But you know, part of that, and I only then came face to face with it, is the realization of how few my options were. Now, it's one of the protective things of personalities to not always realize your limitations, although we do to some degree, and I started out on the fast track and got my degree early, the best of the postdoctoral positions, Caltech, Berkeley, in the heyday for them, Chicago was still well established, a leading department, then being director and chairman there for all those years, and doing a lot of science there in that period too. But then, after having spent ten years on the project, and not having that much opportunity, and not having enough drive or energy or whatever it is to remain highly productive as a research scientist, later I had lost the momentum as a research scientist.

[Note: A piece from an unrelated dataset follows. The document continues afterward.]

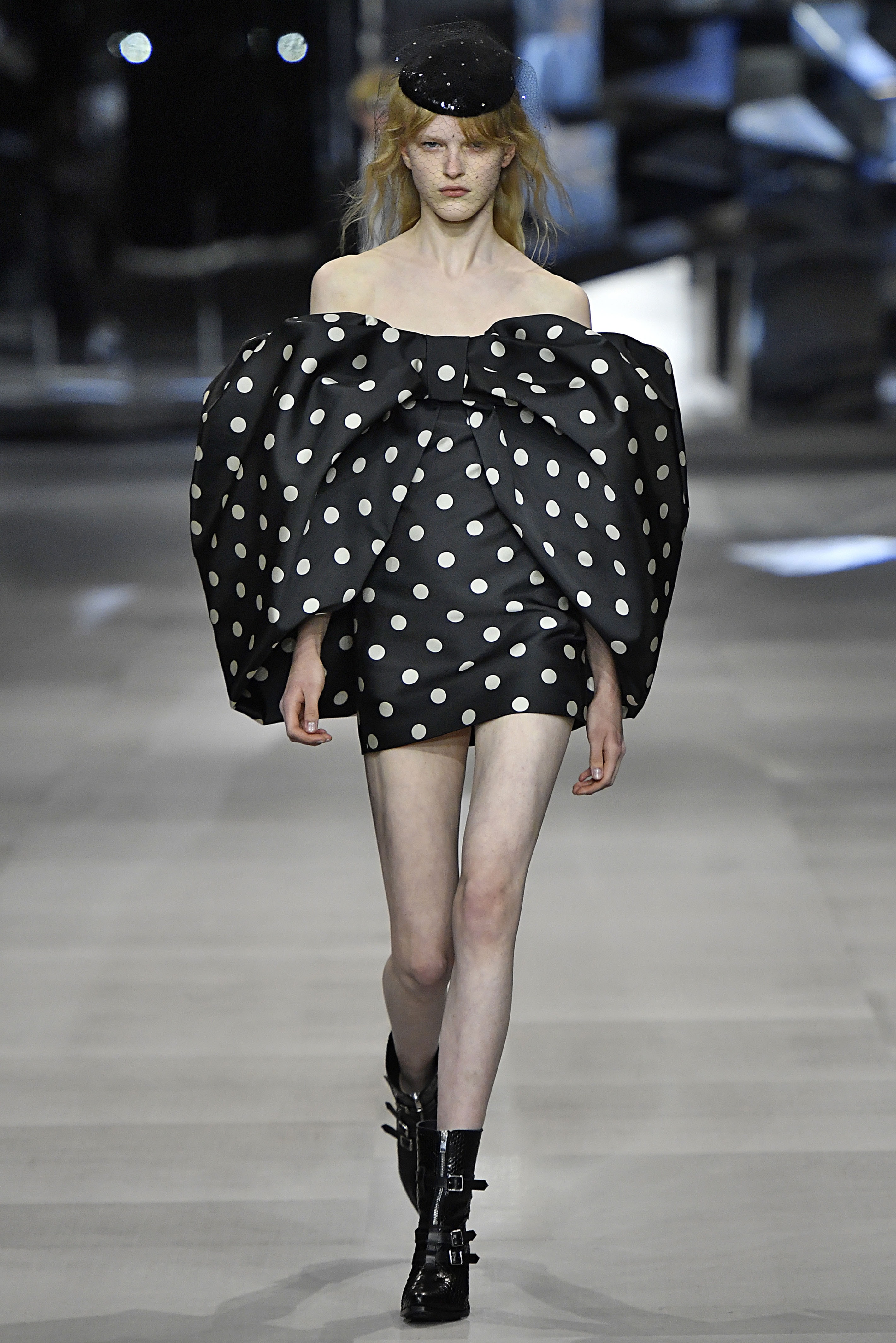 Vor einem Aufgebot internationaler Stars wie Lady Gaga hat Top-Designer Hedi Slimane seine erste Kollektion für das Modelabel Celine in Paris vorgestellt - und dabei den Look der Marke komplett verändert. Zum Start seiner Show ließ er ein Model im Pünktchenkleid aus einer sich drehenden, metallisch glänzenden Kubus-Struktur auf dem Laufsteg erscheinen - das Kleid eine einzige übergroße Schleife. Viele Zuschauer, darunter auch Karl Lagerfeld, Catherine Deneuve, Cara Delevigne und Virgil Abloh - jubelten, manch einer verdrückte gar eine Träne am Freitagabend.

And also during that period, there had been an enormous number of new astronomers who viewed me as a manager rather than as a scientist. And so it was a discouraging eye opener to start pulsing the net and finding how low my market value was in academia. It was very discouraging, because I have personal goals as a scientist, like I would like to qualify for membership in the NAS, achieve that level of distinction as a scholar. I don't know that I ever shall, because of the Space Telescope. And although I like it here at Rice, it's like you and I were talking about before we went on tape, it's not a major department. It's not like the scholarly institutions I was at before. And so I'm a bit bitter, not at anyone, but I feel the events have occurred, that I spent my best years, to be sure, voluntarily, bleeding over this project and getting it started and selling it, resigning a tenured professorship at a major university, in order to give my all, symbolically, to show I was committed to this project, and to have led it all those years, created a Science Institute, and then have those options close out.

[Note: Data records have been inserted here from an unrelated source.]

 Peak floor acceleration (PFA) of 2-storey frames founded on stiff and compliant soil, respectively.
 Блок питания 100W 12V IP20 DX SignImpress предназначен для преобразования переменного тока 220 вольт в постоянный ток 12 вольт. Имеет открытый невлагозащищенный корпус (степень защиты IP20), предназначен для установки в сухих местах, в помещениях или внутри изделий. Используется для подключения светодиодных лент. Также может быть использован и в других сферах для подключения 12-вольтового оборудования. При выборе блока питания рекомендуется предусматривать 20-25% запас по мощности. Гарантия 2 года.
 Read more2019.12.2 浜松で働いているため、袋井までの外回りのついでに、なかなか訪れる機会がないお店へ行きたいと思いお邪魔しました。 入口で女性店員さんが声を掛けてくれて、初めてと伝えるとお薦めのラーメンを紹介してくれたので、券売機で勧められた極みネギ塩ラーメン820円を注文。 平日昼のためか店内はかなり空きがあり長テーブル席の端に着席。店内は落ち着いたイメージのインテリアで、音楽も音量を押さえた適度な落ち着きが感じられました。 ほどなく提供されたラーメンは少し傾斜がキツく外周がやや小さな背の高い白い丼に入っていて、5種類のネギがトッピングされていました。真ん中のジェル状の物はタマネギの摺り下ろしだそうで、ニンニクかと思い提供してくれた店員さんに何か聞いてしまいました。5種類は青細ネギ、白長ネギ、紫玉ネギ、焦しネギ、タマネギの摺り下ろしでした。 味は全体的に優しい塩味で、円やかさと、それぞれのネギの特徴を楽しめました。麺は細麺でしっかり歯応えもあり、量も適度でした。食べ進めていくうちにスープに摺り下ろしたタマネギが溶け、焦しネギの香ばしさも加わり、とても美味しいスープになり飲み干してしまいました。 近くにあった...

This alienation that exists between Riccardo [Giacconi] and I, that he comes in as the Institute director, and a very hostile person he would have been too, to anyone who didn't just roll over for him, so that I get no friendly treatment from up there, except for a few individuals. I just feel very, very isolated from — not isolated, I don't know that I did the right thng personally. But I guess a lot of guys in World War II got shot up and had to live the rest of their lives with that too. They didn't get much out of it personally, but the system did, the greater good did. Often that isn't much return, for either me or them, I think. They were pursuing the glorious cause too and became a casualty of it. I somewhat look at myself as a casualty of the Space Telescope, the one and only — or, one of the few. Everybody else seems to be benefiting by it. And if it hadn't been for getting that GTO time, I would have had essentially nothing except a reasonable salary during that period.

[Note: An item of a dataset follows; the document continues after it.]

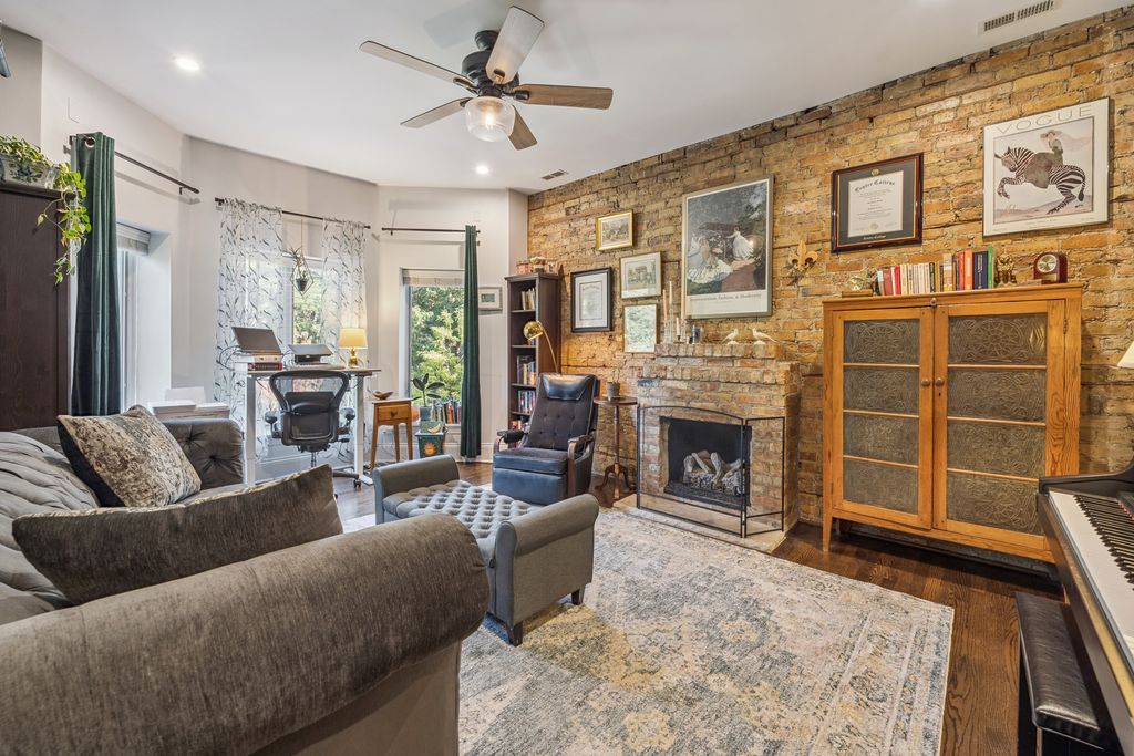 Welcome home to this charming, sunlit two-bedroom, two-bath plus den condo in Graceland West. You'll fall in love with its whimsical finishes and urban feel, highlighted by beautiful exposed brick. The versatile floor plan offers multiple living spaces, including a dining room right off the kitchen-a perfect setup for entertaining. The kitchen is a standout with its stainless steel appliances and leathered marble countertops. Retreat to the primary suite, which features a spacious en-suite bath and a walk-in closet. Other notable features include a gas-burning fireplace, in-unit washer and dryer, and one parking space for the car you will never need while living here. With a prime location that's just a short walk from the L train, shops, restaurants, and grocery stores, you'll find yourself exploring everything the Southport Corridor has to offer. Feeling nostalgic, grab your cone at the DQ and walk a little further for a Cubs game! This is Chicago living at its best!

I lost a lot personally. I don't know if I would have divorced if it hadn't been all the business of living in a small town in Alabama, the problems I had with my kids which I related to that, the stress that that produced between my wife and I. I'll just never know for sure. But everybody else seems to be going quite well. The GTO time was a tremendous gesture, and I think well deserved, — somebody who's bled that much should at least get the same reward as a lot of people who didn't put much time in at all. People like Westphal worked at least as hard as I did, for a much shorter period that he was on the program, very clearly deserved it. There were a lot of individual team members though that hadn't done much at all, that get the same reward that I got. So that's the melancholy aspect of this. It sure didn't do my career any good. It was my own damned fault because I chose not to keep following the managing aspect of it. If I'd chosen that, I could have stayed there, or found other places in management, that I could have gone to. And what I found is, it's very hard to come back, especially the way it's been done, still having responsibilities towards ST, and, as we were referring to this morning before we went on tape, it seems so wonderful when I can have two weeks at home at a stretch. Life is so much more ordered and more produc tive. Like I had a period of almost a month this last winter, without a trip, and I finally got a paper drafted during that period that I've been carrying around conceptually for years, the better part of ten years. So I worked very inefficiently, in this mode of trying to be a scientist and help the project too. So it's been very hard to come back.

Smith:

Are you enjoying it more than say the latter stages of being proj ect scientist at Marshall?

O'Dell:

Now, as compared to then? I enjoyed doing the science parts. The ST involvement part is more a duty, therefore I get little reward and satisfaction out of doing that. Especially when it's compounded by a certain desire to make me look bad on the part of Bob Brown. So as I was saying, there had been a certain alienation with Bob Brown, which is a phenomenon that I've seen and been party to myself. You come into a new job, and you somehow naturally want to make your predecessor look bad, because the mistakes become obvious very quickly, in the prede cessor's job. Now, the reasons for making those mistakes or taking what appear to be those wrong positions are more difficult to learn, and it may be that those positions were the right compromises to have taken, so I've done that. I did that to [Al] Hiltner when I became director of Yerkes. Bob Brown has done it with me. But he's also I think a little insecure in the job, being ill-prepared for a senior position like that. And I could count on one hand the number of times he's called me in the year and a half that he's been project scientist. That's not very much at all. I've called him a lot more times.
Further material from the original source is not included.